• **PROBLEM STATEMENT**
For the records below, output word for word the lines from the one with "街頭造型穿搭必備,皮革袖保暖鋪棉棒球外套" up to and including the one with "Wakil Wali Kota". No pictures.

• **MATERIAL FOR THIS EXERCISE**

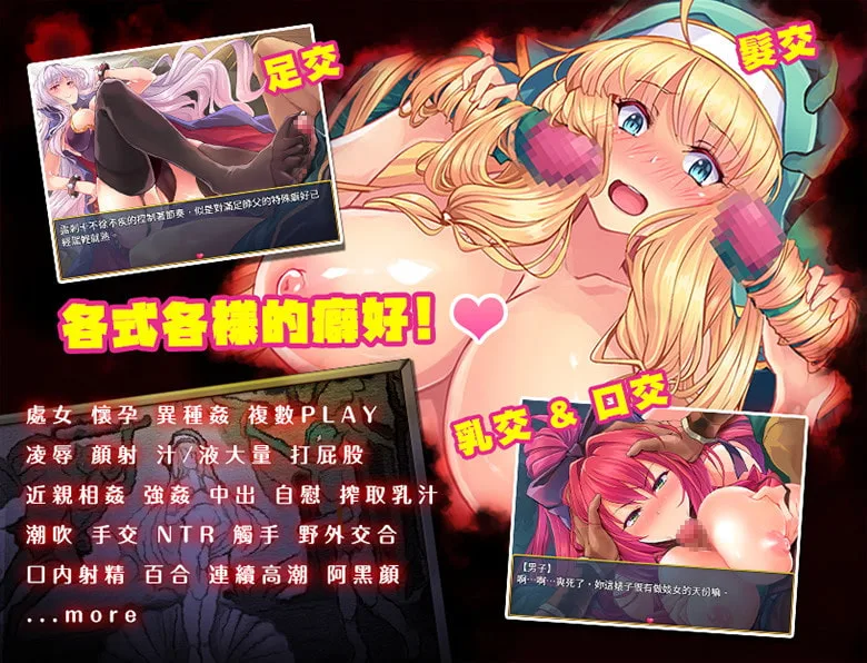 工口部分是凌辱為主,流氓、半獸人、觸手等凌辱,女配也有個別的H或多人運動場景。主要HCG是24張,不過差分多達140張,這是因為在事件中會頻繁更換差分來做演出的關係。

==

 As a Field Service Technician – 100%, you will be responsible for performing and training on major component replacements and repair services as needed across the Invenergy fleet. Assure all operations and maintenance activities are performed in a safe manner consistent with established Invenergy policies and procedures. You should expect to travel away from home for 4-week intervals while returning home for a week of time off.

...

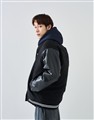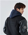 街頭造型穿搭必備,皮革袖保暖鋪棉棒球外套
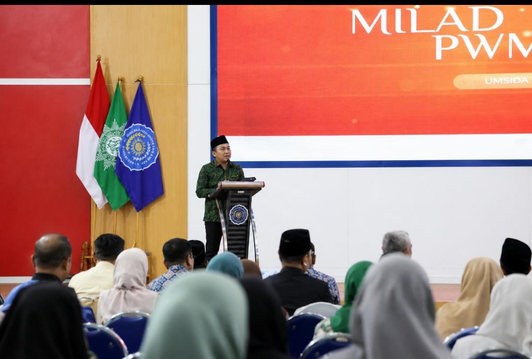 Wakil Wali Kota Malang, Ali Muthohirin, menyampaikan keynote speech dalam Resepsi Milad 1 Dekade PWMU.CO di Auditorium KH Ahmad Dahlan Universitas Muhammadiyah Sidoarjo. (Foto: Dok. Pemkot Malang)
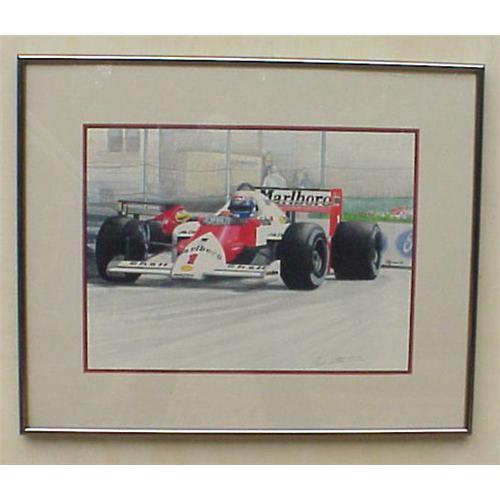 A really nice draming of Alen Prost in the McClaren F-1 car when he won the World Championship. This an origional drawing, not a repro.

• **YOUR SOLUTION**
 街頭造型穿搭必備,皮革袖保暖鋪棉棒球外套
 Wakil Wali Kota Malang, Ali Muthohirin, menyampaikan keynote speech dalam Resepsi Milad 1 Dekade PWMU.CO di Auditorium KH Ahmad Dahlan Universitas Muhammadiyah Sidoarjo. (Foto: Dok. Pemkot Malang)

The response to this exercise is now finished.